Action item
The lines to transcribe begin with the one containing "This piece titled" and end with the last line below; reproduce them exactly, without the pictures.

The data
________________

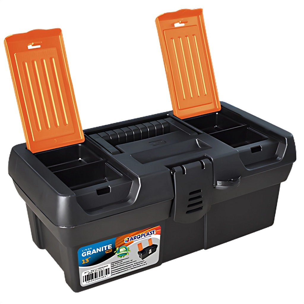 Esse anúncio contém: 01 Maleta. A Maleta de Ferramentas Granite Pro Alta – 13" é ideal para armazenar e transportar acessórios com segurança e organização. Possui alça resistente para fácil manuseio e trava reforçada para maior proteção. Seu design compacto e durável garante praticidade no dia a dia. Conta com 2 compartimentos na tampa para melhor organização. Perfeita para profissionais e entusiastas que buscam qualidade e eficiência. Informações do produto: Medida do organizador (AxLxC): 13,5cmX19,5cmX32,5cm. Cor: Preta. Material: Plástico. Linha: Organizador. Fabricante: Arqplast. - Produto novo e em estoque; - As cores do tecido ou produto podem variar de acordo com o lote de fabricação; - Todos os produtos têm seguro contra extravio.
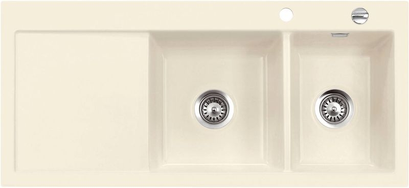 • 2 Becken; 1 Ablage (Becken rechts oder Becken links)
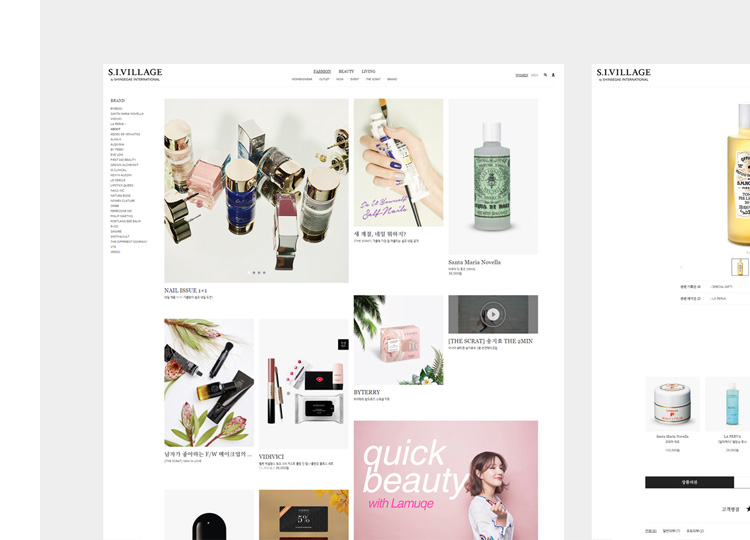 글로벌 패션, 뷰티, 리빙의 40여개 브랜드를 통합한 신세계인터내셔날 프리미엄 온라인 스토어 S.I.VILLAGE 를 구축하였습니다.
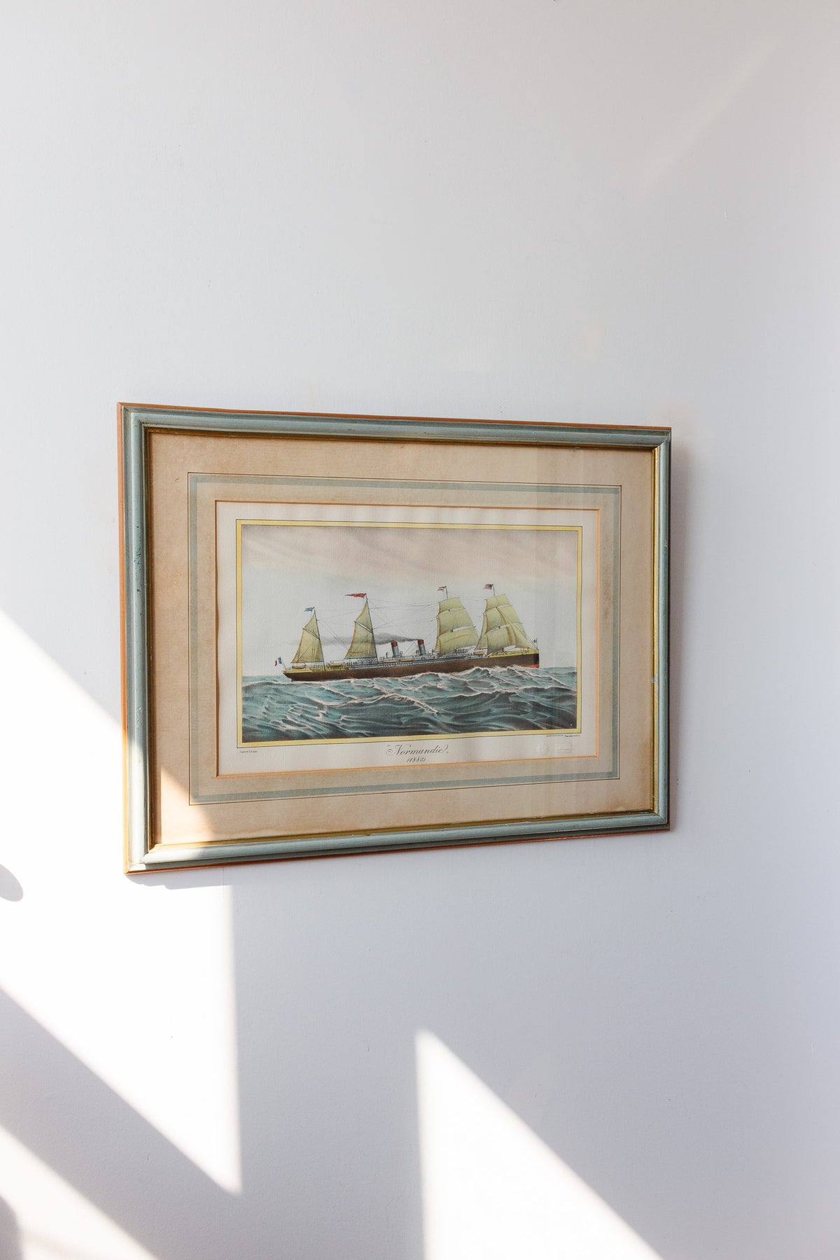This piece titled "Normandie 1885" is made by Edizioni Ponte Vecchio, an Italian publishing house based in Florence, specializing in high-quality hand-colored prints. Established in the 1930s, it became well-known for producing fine art reproductions.
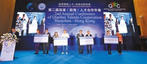 在第二届深港(前海)人才合作年会上,嘉宾为企业颁发前海境外高端人才和紧缺人才个人所得税财政补贴。(资料图片) 深圳商报记者钟华登 摄
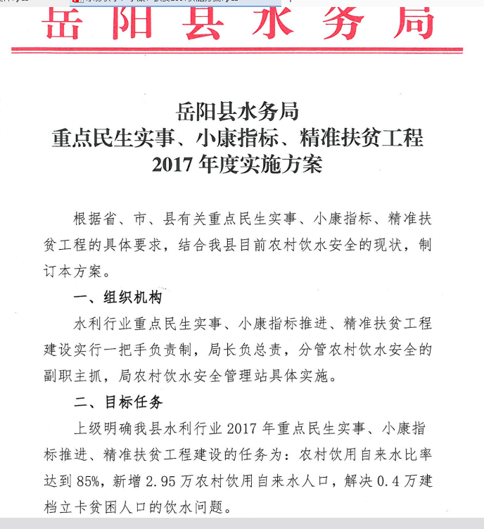 嶽陽縣水務局重點民生實事、小康指標、精準扶貧工程實施方案

________________

Exercise result
This piece titled "Normandie 1885" is made by Edizioni Ponte Vecchio, an Italian publishing house based in Florence, specializing in high-quality hand-colored prints. Established in the 1930s, it became well-known for producing fine art reproductions.
 在第二届深港(前海)人才合作年会上,嘉宾为企业颁发前海境外高端人才和紧缺人才个人所得税财政补贴。(资料图片) 深圳商报记者钟华登 摄
 嶽陽縣水務局重點民生實事、小康指標、精準扶貧工程實施方案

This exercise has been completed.